* Exercise directions
In the material below, the line holding "In the evening, enjoy" and every line after it should be reproduced exactly, please, with pictures omitted.

* Given information
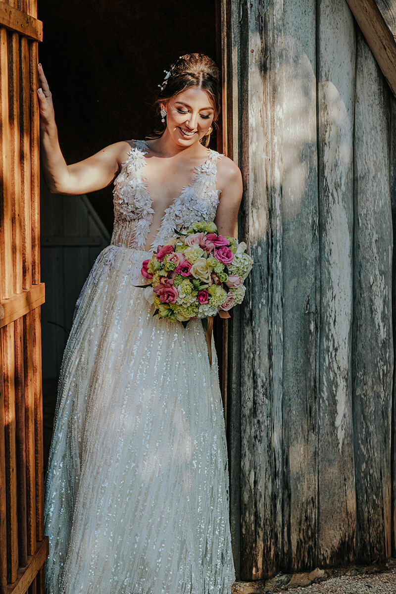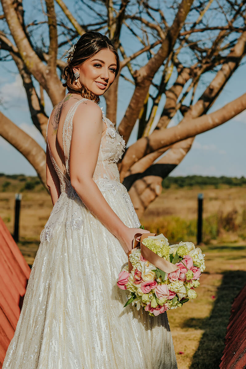 Depois de tantos adiamentos e mudanças de planos, o casamento real ao ar livre Rayanna e Manoel finalmente aconteceu. A cerimônia foi realizada em uma fazenda a 60 km da cidade, cercada por natureza e com um pôr do sol de tirar o fôlego. “Minha mãe foi quem tornou tudo possível. Ela encontrou o local, organizou os detalhes e até conseguiu o espaço como presente dos donos. Foi um milagre!”, lembra Rayanna.
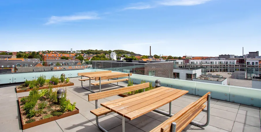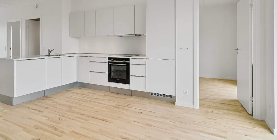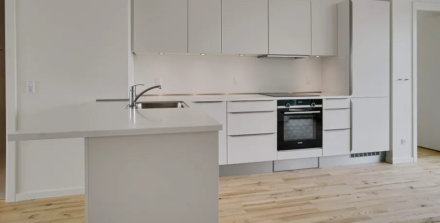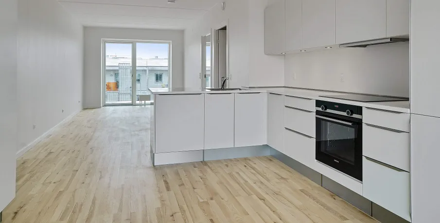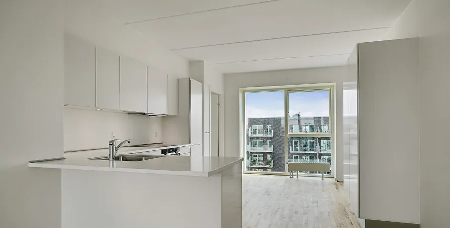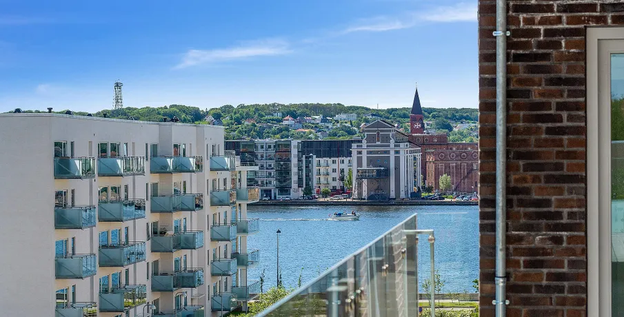 Bo lækkert tæt på fjorden og med sol på altanen De nye lejeboliger er præget af kvalitet i design og materialer og omtanke i alle detaljer Nørresundby Havnefront ligger tæt på det rekreative område Lindholm Strandpark, hvor du kan bade fra badebroen, spille beach-volley eller løbe en tur i naturen ad stien til Lindholm Fjordpark. Er det mere byens puls, der trækker, kan du cykle eller gå ad Kulturbroen – eller Kærlighedsbroen, som den også bliver kaldt – der på få minutter fører dig til Aalborg og bylivets tilbud. Boligerne er lyse, moderne og velindrettede. Lejlighederne har massive trægulve og hvide HTH køkkener med moderne stilfulde greb. Lejlighederne har desuden flere indbyggede skabe. Alle lejligheder er fuldt udstyrede med hårde hvidevarer i køkken og bad. Der er fokus på at minimere din elregning, både af hensyn til din pengepung og miljøet. F.eks. har både opvaskemaskinen og vaskemaskinen energimærket A+++, mens køle-/fryseskabet og tørretumbleren kommer lige efter med A++. Lejlighederne har alle enten en stor altan eller en terrasse. Lejlighederne varierer i størrelse, og en del af dem er også velegnede som delelejligheder. Her kan findes en velegnet bolig til unge og ældre, singler og par, børnefamilier og studiekammerater, der gerne vil dele hverdagen og huslejen. I Nørresundby Havnefront bor du i et røgfrit miljø: Det er ikke tilladt at ryge i lejligheder og opgange, eller på altaner og terrasser. Alle bygningerne har det grønne energimærke A2015, der er din sikkerhed for, at de lever op til de gældende energi- og tæthedskrav. OBS: Billederne kan være af en prøvebolig, og ikke den specifikke bolig.
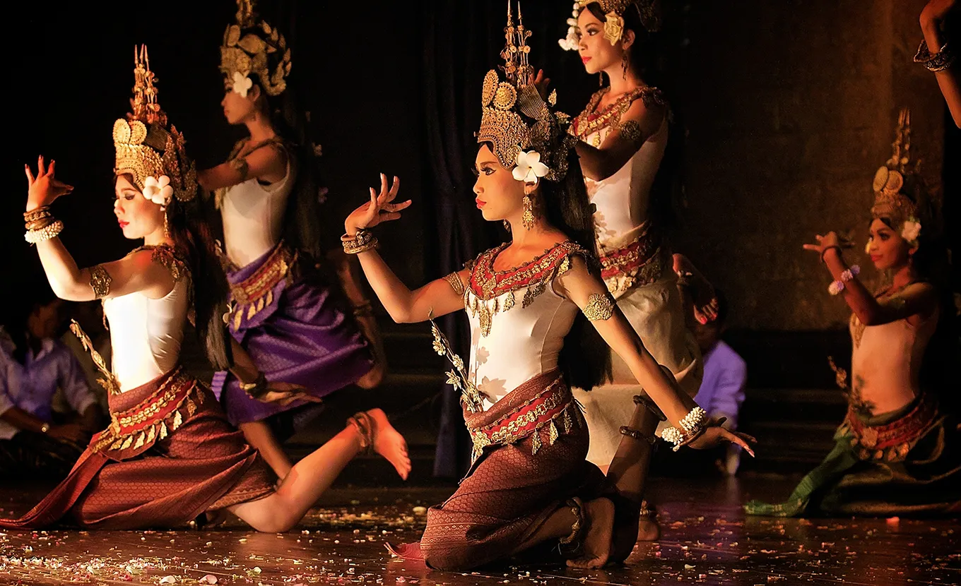 In the evening, enjoy a welcome dinner with Cambodian folk cultural Apsara Dancing Show.
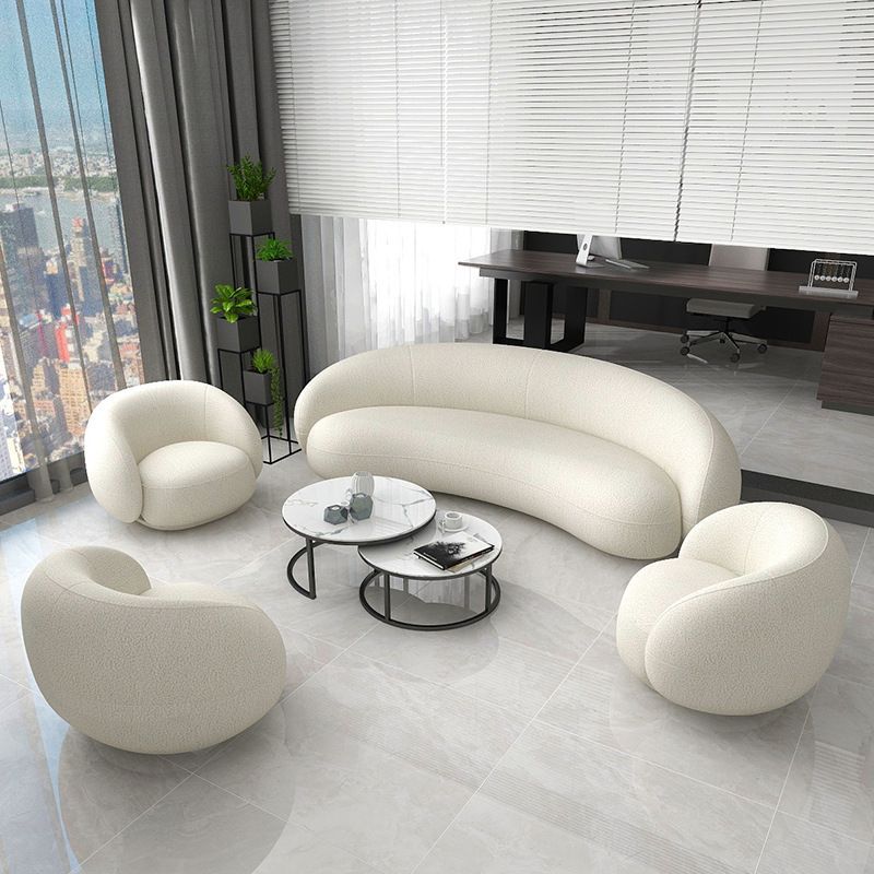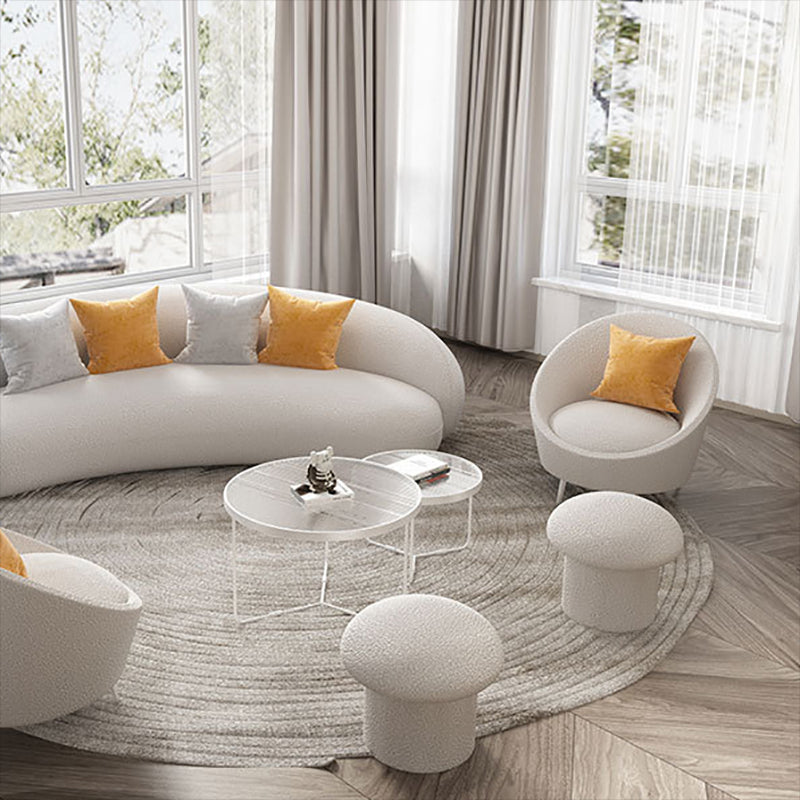 Eigentijdse woonkamer stof smoking armkussens witte zitplaatsen

* Output of the exercise
 In the evening, enjoy a welcome dinner with Cambodian folk cultural Apsara Dancing Show.
 Eigentijdse woonkamer stof smoking armkussens witte zitplaatsen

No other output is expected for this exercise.